Among the entries below, one line contains "496 - أَخْبَرَكُمْ" and another contains "椿柄の和袖トップス&袴風ワイドパンツのコーデセット". Transcribe those two lines and every line between them, exactly.

Data Block Start

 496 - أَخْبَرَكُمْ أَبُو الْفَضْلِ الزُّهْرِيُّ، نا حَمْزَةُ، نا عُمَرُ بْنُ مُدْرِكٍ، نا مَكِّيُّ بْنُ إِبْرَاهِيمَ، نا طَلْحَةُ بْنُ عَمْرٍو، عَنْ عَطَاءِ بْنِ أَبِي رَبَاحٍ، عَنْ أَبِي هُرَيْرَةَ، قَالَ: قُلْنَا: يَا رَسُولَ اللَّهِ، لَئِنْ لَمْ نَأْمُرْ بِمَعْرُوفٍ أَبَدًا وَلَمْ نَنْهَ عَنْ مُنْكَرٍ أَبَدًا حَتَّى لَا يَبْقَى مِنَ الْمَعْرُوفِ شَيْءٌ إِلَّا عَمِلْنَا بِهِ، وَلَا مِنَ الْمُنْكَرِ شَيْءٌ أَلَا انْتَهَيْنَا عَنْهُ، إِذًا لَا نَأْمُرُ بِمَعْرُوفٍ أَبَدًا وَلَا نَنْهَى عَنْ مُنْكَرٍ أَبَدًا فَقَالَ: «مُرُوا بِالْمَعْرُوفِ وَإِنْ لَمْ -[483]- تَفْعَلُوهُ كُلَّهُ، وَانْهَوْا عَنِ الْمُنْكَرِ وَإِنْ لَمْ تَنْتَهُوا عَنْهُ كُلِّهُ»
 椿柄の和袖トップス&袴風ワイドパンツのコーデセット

Data Block End
Data Block Start

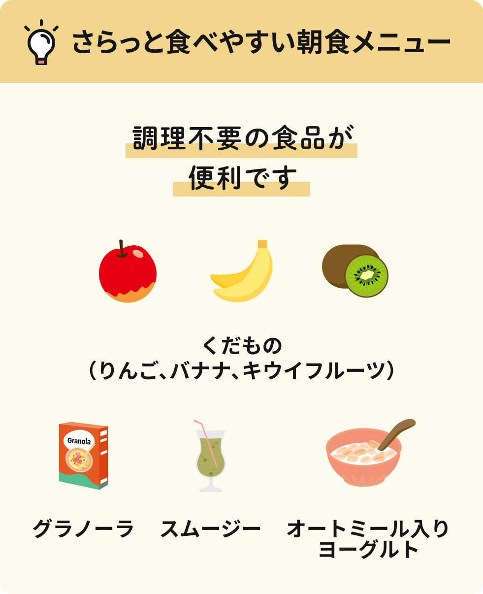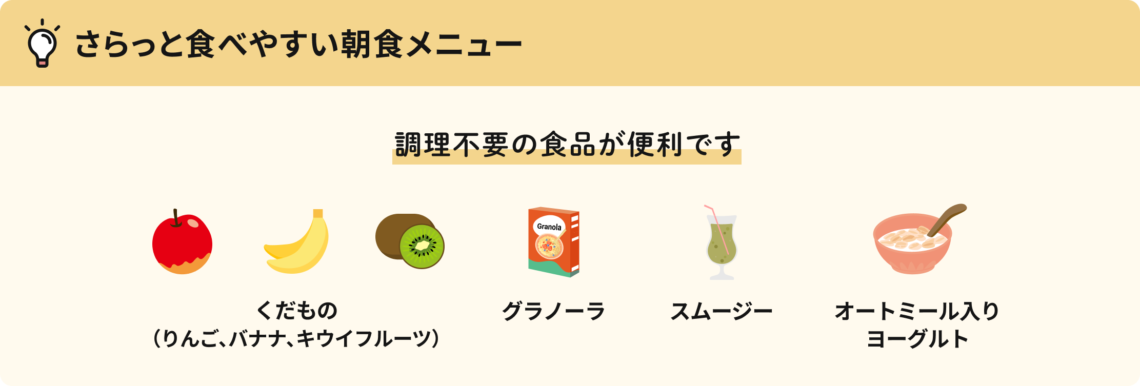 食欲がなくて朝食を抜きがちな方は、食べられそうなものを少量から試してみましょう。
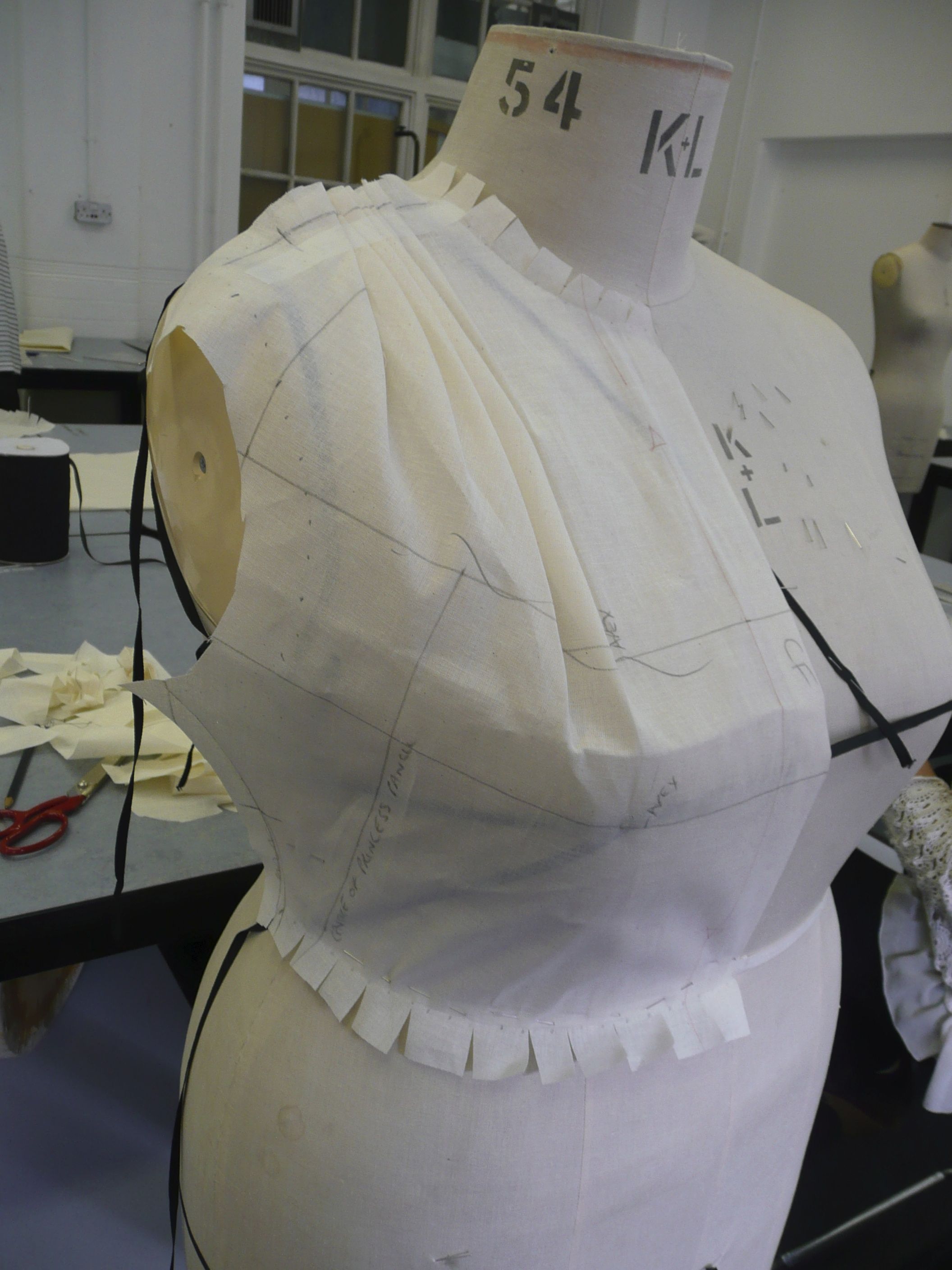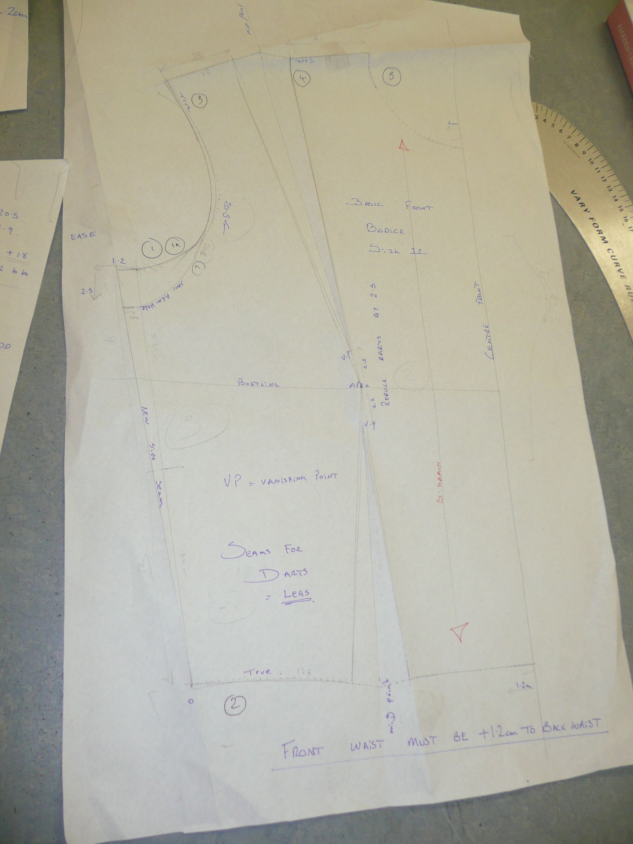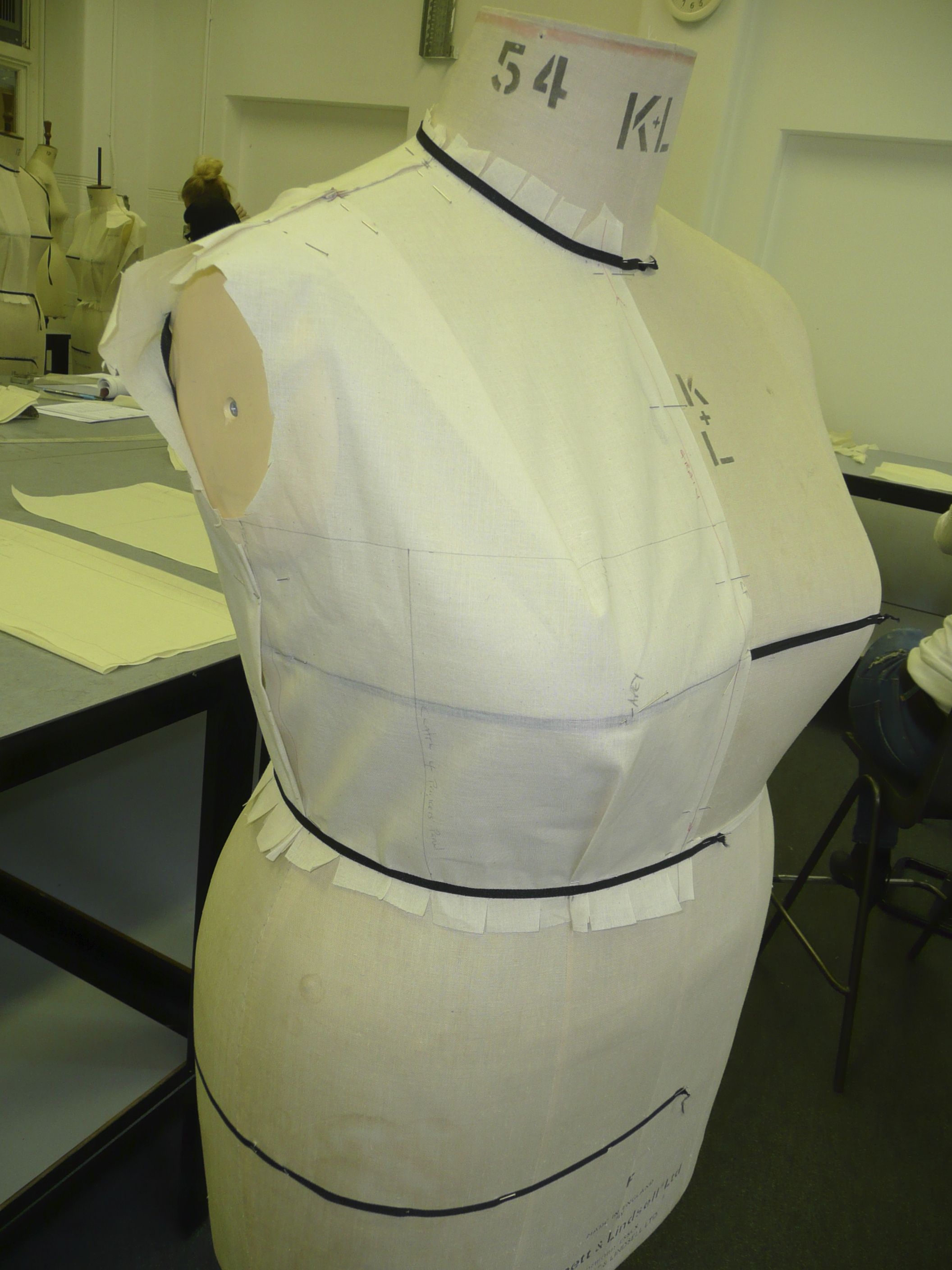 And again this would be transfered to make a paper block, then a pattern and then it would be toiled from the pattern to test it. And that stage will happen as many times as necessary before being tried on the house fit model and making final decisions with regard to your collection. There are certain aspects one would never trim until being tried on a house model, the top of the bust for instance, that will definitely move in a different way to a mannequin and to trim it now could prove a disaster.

Data Block End

** Solution to the exercise **
 496 - أَخْبَرَكُمْ أَبُو الْفَضْلِ الزُّهْرِيُّ، نا حَمْزَةُ، نا عُمَرُ بْنُ مُدْرِكٍ، نا مَكِّيُّ بْنُ إِبْرَاهِيمَ، نا طَلْحَةُ بْنُ عَمْرٍو، عَنْ عَطَاءِ بْنِ أَبِي رَبَاحٍ، عَنْ أَبِي هُرَيْرَةَ، قَالَ: قُلْنَا: يَا رَسُولَ اللَّهِ، لَئِنْ لَمْ نَأْمُرْ بِمَعْرُوفٍ أَبَدًا وَلَمْ نَنْهَ عَنْ مُنْكَرٍ أَبَدًا حَتَّى لَا يَبْقَى مِنَ الْمَعْرُوفِ شَيْءٌ إِلَّا عَمِلْنَا بِهِ، وَلَا مِنَ الْمُنْكَرِ شَيْءٌ أَلَا انْتَهَيْنَا عَنْهُ، إِذًا لَا نَأْمُرُ بِمَعْرُوفٍ أَبَدًا وَلَا نَنْهَى عَنْ مُنْكَرٍ أَبَدًا فَقَالَ: «مُرُوا بِالْمَعْرُوفِ وَإِنْ لَمْ -[483]- تَفْعَلُوهُ كُلَّهُ، وَانْهَوْا عَنِ الْمُنْكَرِ وَإِنْ لَمْ تَنْتَهُوا عَنْهُ كُلِّهُ»
 椿柄の和袖トップス&袴風ワイドパンツのコーデセット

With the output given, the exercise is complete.